Write out exactly the lines below starting at the one containing "19968- حَدَّثَنَا عَبَّادُ" and ending at the one containing "According to images". Omit every picture.

- [Available data]:
────
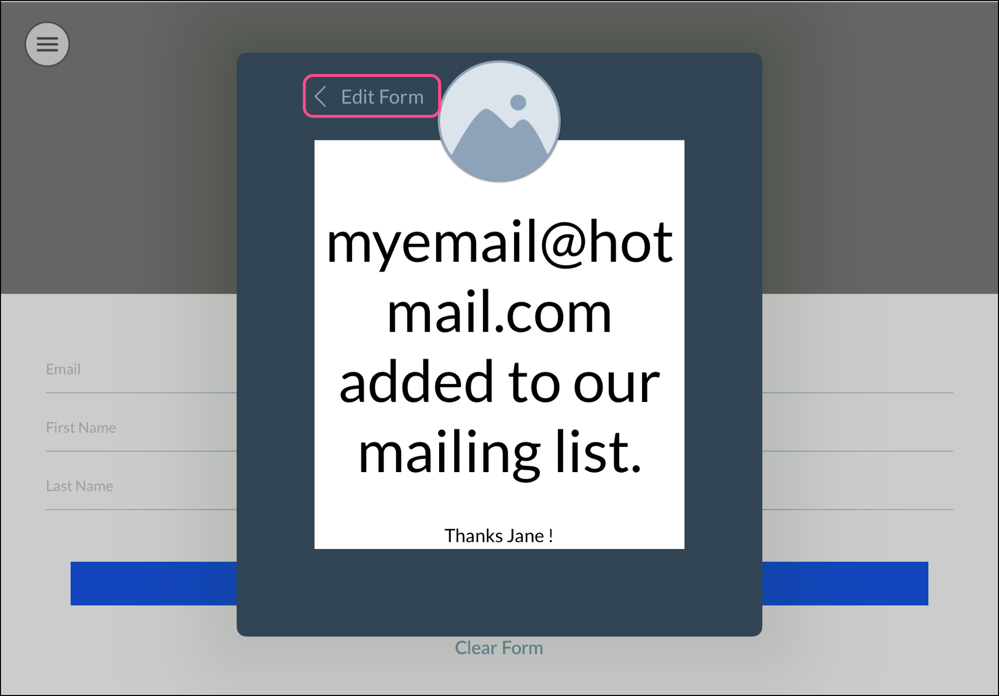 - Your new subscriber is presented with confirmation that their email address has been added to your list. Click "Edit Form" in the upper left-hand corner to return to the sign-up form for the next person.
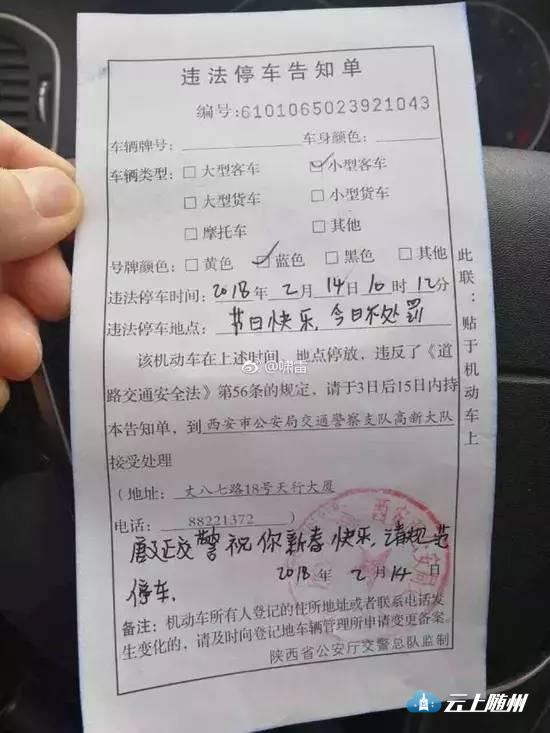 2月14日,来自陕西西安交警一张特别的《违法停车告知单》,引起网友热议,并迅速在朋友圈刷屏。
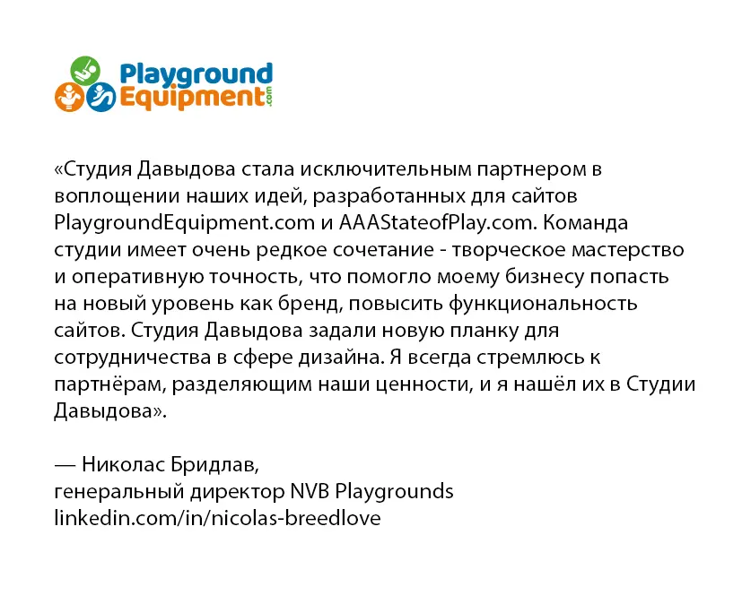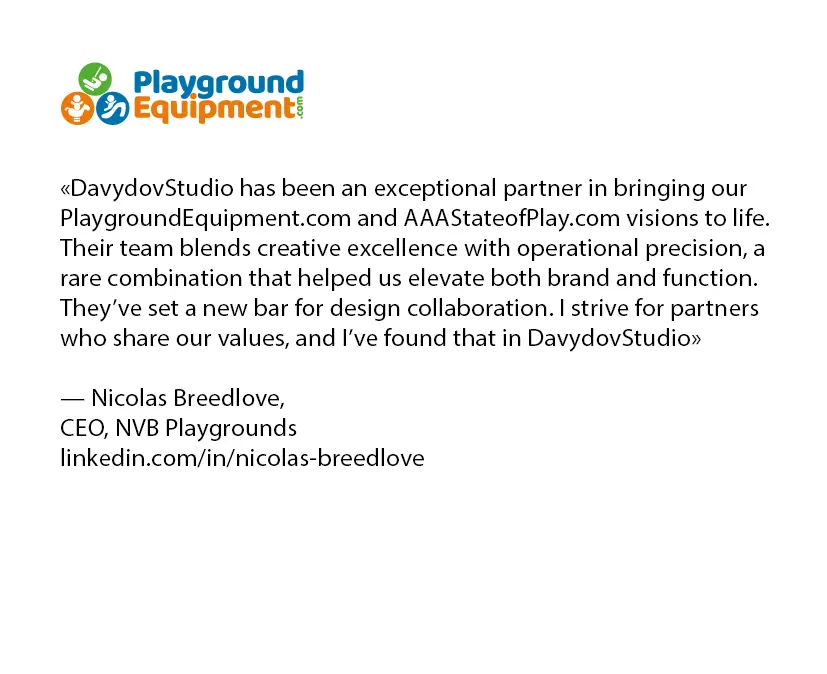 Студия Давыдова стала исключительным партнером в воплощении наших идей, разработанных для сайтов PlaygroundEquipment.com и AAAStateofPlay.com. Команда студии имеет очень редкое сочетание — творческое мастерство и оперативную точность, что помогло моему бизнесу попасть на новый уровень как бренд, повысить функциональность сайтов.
────
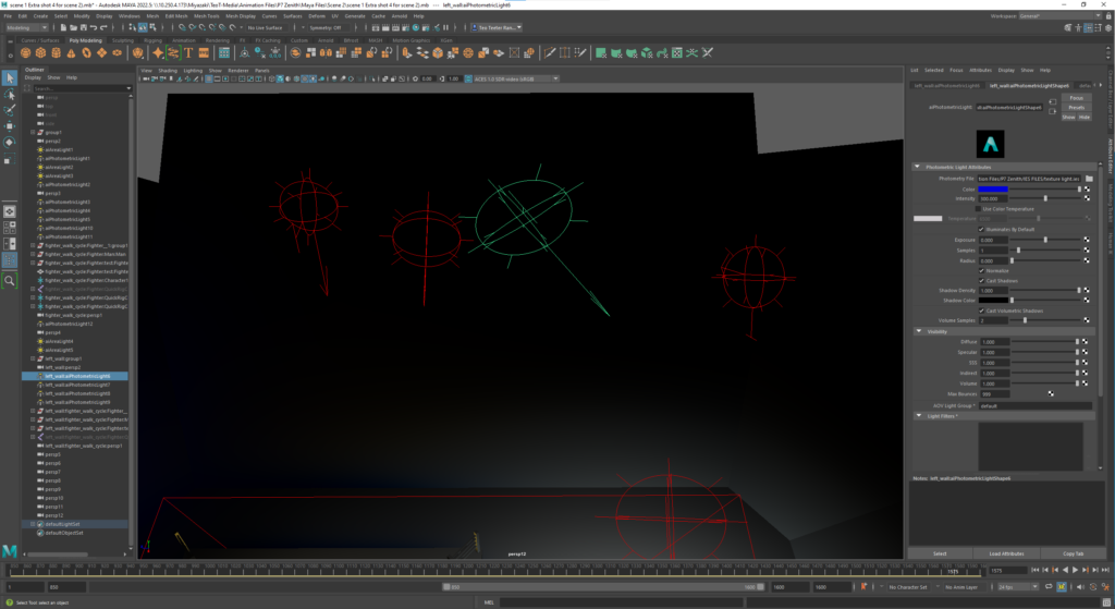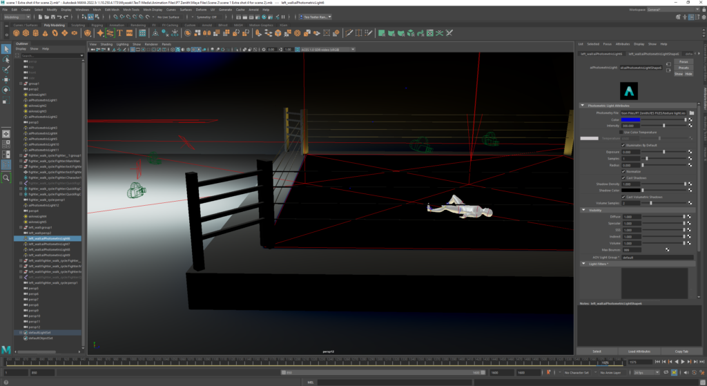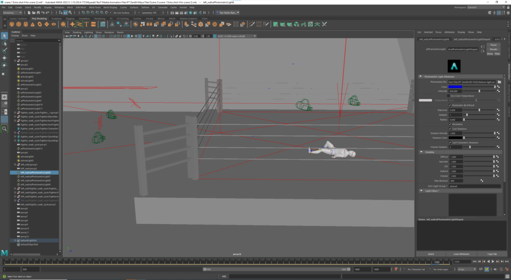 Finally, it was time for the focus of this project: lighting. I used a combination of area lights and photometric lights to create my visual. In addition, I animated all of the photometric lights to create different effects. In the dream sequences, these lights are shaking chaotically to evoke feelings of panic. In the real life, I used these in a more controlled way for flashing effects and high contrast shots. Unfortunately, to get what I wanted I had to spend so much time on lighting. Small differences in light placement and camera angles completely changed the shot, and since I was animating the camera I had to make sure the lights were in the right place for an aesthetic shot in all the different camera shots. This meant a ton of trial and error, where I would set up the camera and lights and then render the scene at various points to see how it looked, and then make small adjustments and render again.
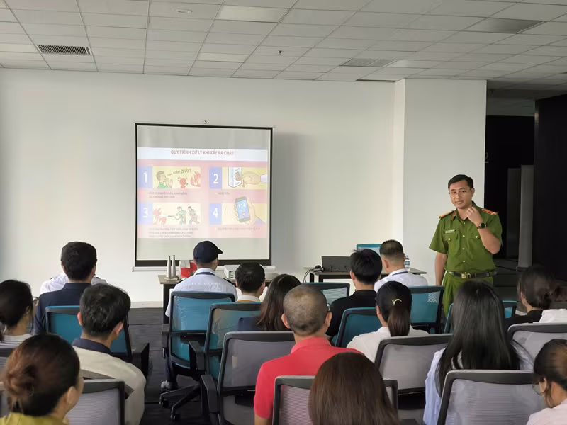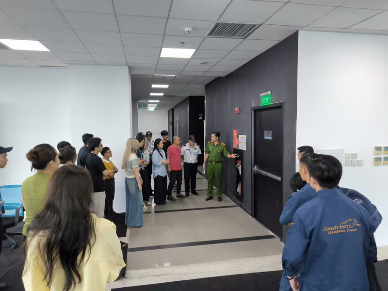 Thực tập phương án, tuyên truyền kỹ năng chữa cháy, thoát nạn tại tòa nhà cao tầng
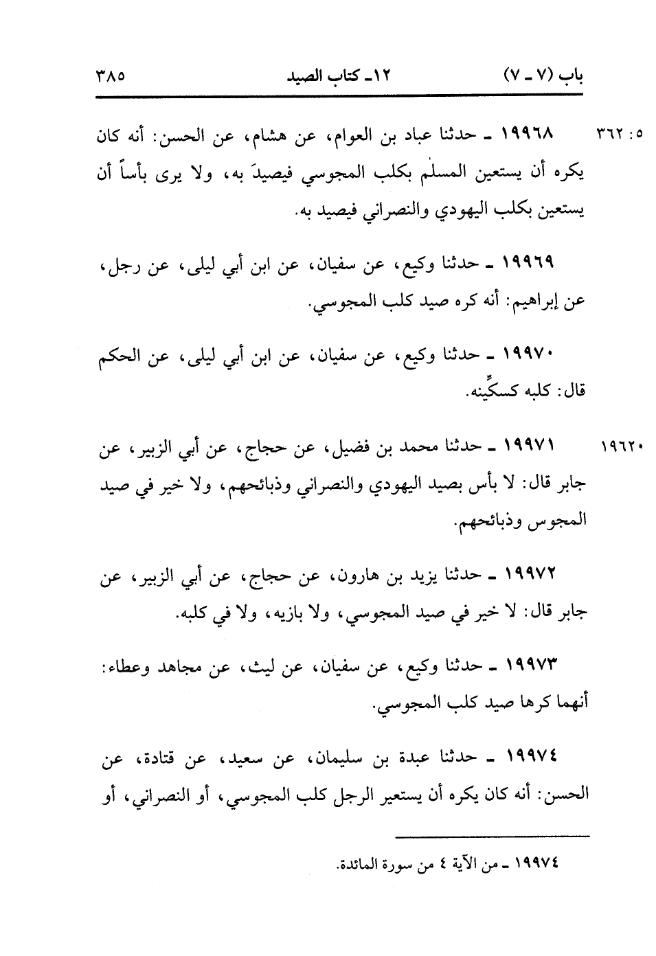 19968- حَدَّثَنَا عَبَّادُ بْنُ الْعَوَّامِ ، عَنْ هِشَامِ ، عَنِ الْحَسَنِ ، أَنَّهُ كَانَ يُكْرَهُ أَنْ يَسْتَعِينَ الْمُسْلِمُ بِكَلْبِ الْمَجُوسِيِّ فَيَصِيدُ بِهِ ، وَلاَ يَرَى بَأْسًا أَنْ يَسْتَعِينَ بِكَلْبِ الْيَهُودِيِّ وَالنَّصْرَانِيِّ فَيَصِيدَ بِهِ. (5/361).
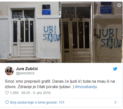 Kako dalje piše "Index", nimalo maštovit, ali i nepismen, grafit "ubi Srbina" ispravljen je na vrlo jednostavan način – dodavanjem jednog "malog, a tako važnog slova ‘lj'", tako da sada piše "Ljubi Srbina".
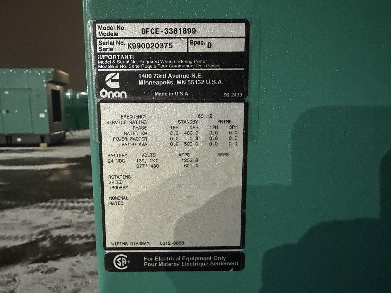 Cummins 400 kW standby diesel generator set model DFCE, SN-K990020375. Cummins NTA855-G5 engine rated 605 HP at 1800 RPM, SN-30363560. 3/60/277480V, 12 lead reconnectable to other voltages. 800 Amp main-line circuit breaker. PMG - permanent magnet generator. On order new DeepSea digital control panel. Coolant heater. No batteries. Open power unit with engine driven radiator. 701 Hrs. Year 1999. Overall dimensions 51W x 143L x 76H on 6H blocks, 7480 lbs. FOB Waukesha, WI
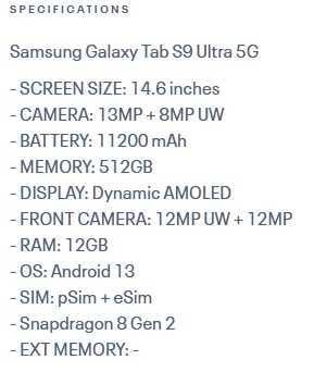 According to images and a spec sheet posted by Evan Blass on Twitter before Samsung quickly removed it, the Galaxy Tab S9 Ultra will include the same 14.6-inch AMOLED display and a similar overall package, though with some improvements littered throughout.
────
- [Response box]:
 19968- حَدَّثَنَا عَبَّادُ بْنُ الْعَوَّامِ ، عَنْ هِشَامِ ، عَنِ الْحَسَنِ ، أَنَّهُ كَانَ يُكْرَهُ أَنْ يَسْتَعِينَ الْمُسْلِمُ بِكَلْبِ الْمَجُوسِيِّ فَيَصِيدُ بِهِ ، وَلاَ يَرَى بَأْسًا أَنْ يَسْتَعِينَ بِكَلْبِ الْيَهُودِيِّ وَالنَّصْرَانِيِّ فَيَصِيدَ بِهِ. (5/361).
 Kako dalje piše "Index", nimalo maštovit, ali i nepismen, grafit "ubi Srbina" ispravljen je na vrlo jednostavan način – dodavanjem jednog "malog, a tako važnog slova ‘lj'", tako da sada piše "Ljubi Srbina".
 Cummins 400 kW standby diesel generator set model DFCE, SN-K990020375. Cummins NTA855-G5 engine rated 605 HP at 1800 RPM, SN-30363560. 3/60/277480V, 12 lead reconnectable to other voltages. 800 Amp main-line circuit breaker. PMG - permanent magnet generator. On order new DeepSea digital control panel. Coolant heater. No batteries. Open power unit with engine driven radiator. 701 Hrs. Year 1999. Overall dimensions 51W x 143L x 76H on 6H blocks, 7480 lbs. FOB Waukesha, WI
 According to images and a spec sheet posted by Evan Blass on Twitter before Samsung quickly removed it, the Galaxy Tab S9 Ultra will include the same 14.6-inch AMOLED display and a similar overall package, though with some improvements littered throughout.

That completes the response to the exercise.